1USC Plastic and Reconstructive Surgery, Los Angeles, CA, USA, 2USC Orthopedic Surgery, Los Angeles, CA, USA, 3Hand Surgery, Cedars-Sinai Medical Center, Los Angeles, CA, USA.
Purpose: Despite percutaneous trigger finger release (PTFR) success rates over 94%, controversy remains over fear of neurovascular injury. We assessed the safety of blind versus sonographically-guided (US) first annular (A1) pulley releases performed on a perfused cadaveric model.

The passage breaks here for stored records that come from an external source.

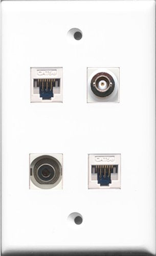 RiteAV - 1 Port 3.5mm and 1 Port BNC 2 Port Cat5e Ethernet White Wall Plate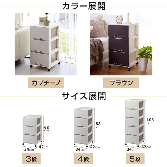 天馬(Tenma) シーンを選ばず使える収納チェスト 日本製 完成品 ルームケース 4段 キャスター付きで移動が簡単 引出しロック付きで抜け落ちを防ぐスムーズな引出し タンス 収納ケース 衣装ケース プラスチック 【組立不要】 【色 カプチーノ】 【サイズ 3404】 【幅34×奥行42×高さ88cm】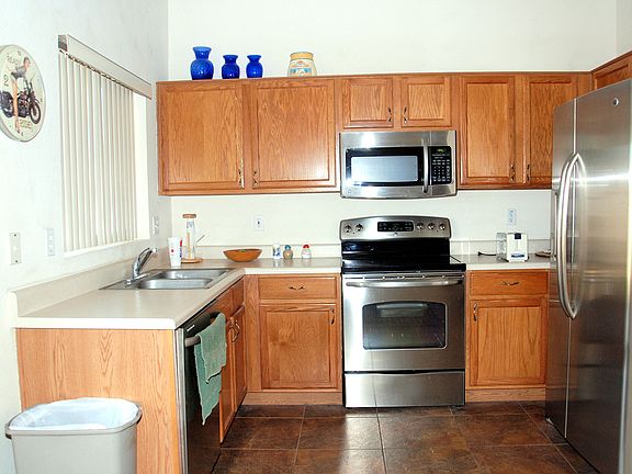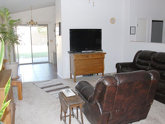 Exceptionally well cared for home with 2 bedrooms, 2 baths and 10X10 open den which could be the 3rd bedroom. Stainless steel appliance package which includes, range, microwave, dishwasher, and refrigerator are only 8 months old. Great Room with eat-in kitchen, pantry, plant shelves, vaulted ceilings, just repainted inside and out. Both baths have new granite counter tops. New tile in kitchen and baths. Covered patio, pavers added to make sidewalks on the side to the 6 foot rv gate, looks professionaly landscaped. You and your buyers will not be disappointed when showing this one.Not short sale or bank owned. Quick Answers on your offer.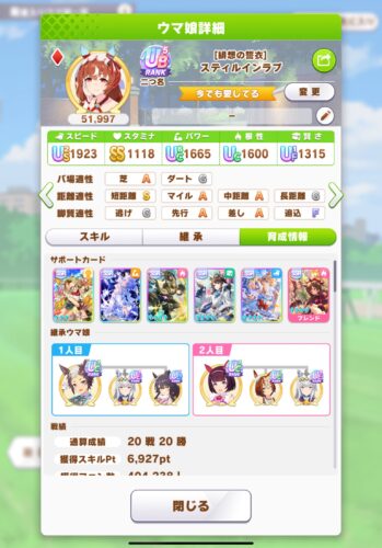 スティルは固有と衝動以外無効なので趣味枠のつもりでしたが、意外と戦えたりします。短距離で紛れやすいということもありますが、根性ルビーの力が相当強いようです。

Methods: 124 finger/31 thumb percutaneous A1 pulley releases were performed on perfused un-embalmed cadavers (65 female, 90 male) and an 18-gauge needle. 45 fingers/thumbs were completed with US versus 110 without. Each digit was evaluated for A1 pulley release and neurovascular, flexor tendon, A2 pulley injury.
Results: 114 (74%) A1 finger and thumb pulleys were effectively released and only three digits (one long, ring, and small finger each) were completely missed (2%). On average, 93% of A1 pulley length was released for all fingers. No significant flexor tendon injury was seen in any digit, although longitudinal scoring was found in 35 fingers (23% overall). No digital, radial or ulnar, artery or nerve was injured. Use of US for PTFR was not more likely to result in a complete pulley release compared to Blind PTFR (80% versus 72%; P < 0.26).
Conclusion: Both blind and ultrasound-assisted percutaneous releases of the A1 pulley can be performed safely and effectively for all fingers including the thumb. Perfusion of cadaver digits enhances surgical simulation for PTFR training, especially for in-vivo identification of structures by US with doppler-flow.